放射性物質の追加的降下沈着の見解を補強するため、空間線量率実測値と減衰後理論値との乖離幅と千葉市南部浄化センターの汚泥焼却灰のセシウム濃度との関係を見ておこう。ここでは、実測値と減衰後理論値との乖離幅の拡大と汚泥焼却灰セシウム濃度の上昇とがタイミング的に一致する。

そして、2012/9以降は、汚泥焼却灰のセシウム濃度は低下しているが、上昇前の水準とほぼ同じで推移しているから、追加的なセシウムの降下がなければ減衰によりもっと低下しているはずだから、量は少なくなっていても降下はあると推定される。
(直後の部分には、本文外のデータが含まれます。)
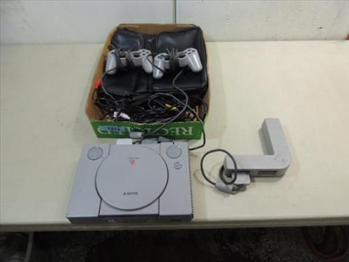 1999 SONY PLAYSTATION CONSOLE, 2 CONTROLLERS, 4 PLAYER EXPANSION, VIDEO CONNECTION & CARRYING CASE. AS SHOWN. VIEW PICTURE FOR DETAIL.
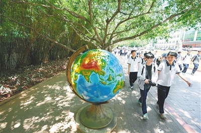 昌江中学学生走在明亮的校园里。
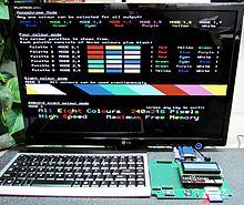 - Colour VGA with eight colours (black, red, green, blue, cyan, yellow, purple and white).

同じ時期に、空間線量率実測値と減衰後理論値との乖離幅があまり広がらないことも降下量の減少によると考えれば整合性を持つ。


放射性物質の追加的降下について何を指標とすべきかは、いろいろな要因が複合的に作用して難しいが、空間線量率実測値と減衰後理論値との乖離幅の拡大や汚泥焼却灰のセシウム濃度の上昇は、追加的な放射性物質の降下沈着によって生じた結果であることは間違いない。現にプルームが到来して何も残さずに去るなどということは考えられない。

今なおプルームの襲来が続いていることにかんがみれば、関東の放射能がこの先上がることも大いにありうると考えるべきだ。そして、そんな環境で内部被曝を回避しつつ暮らし、子どもを育てていくのは、気の遠くなるような果てしない旅のように思えてくる。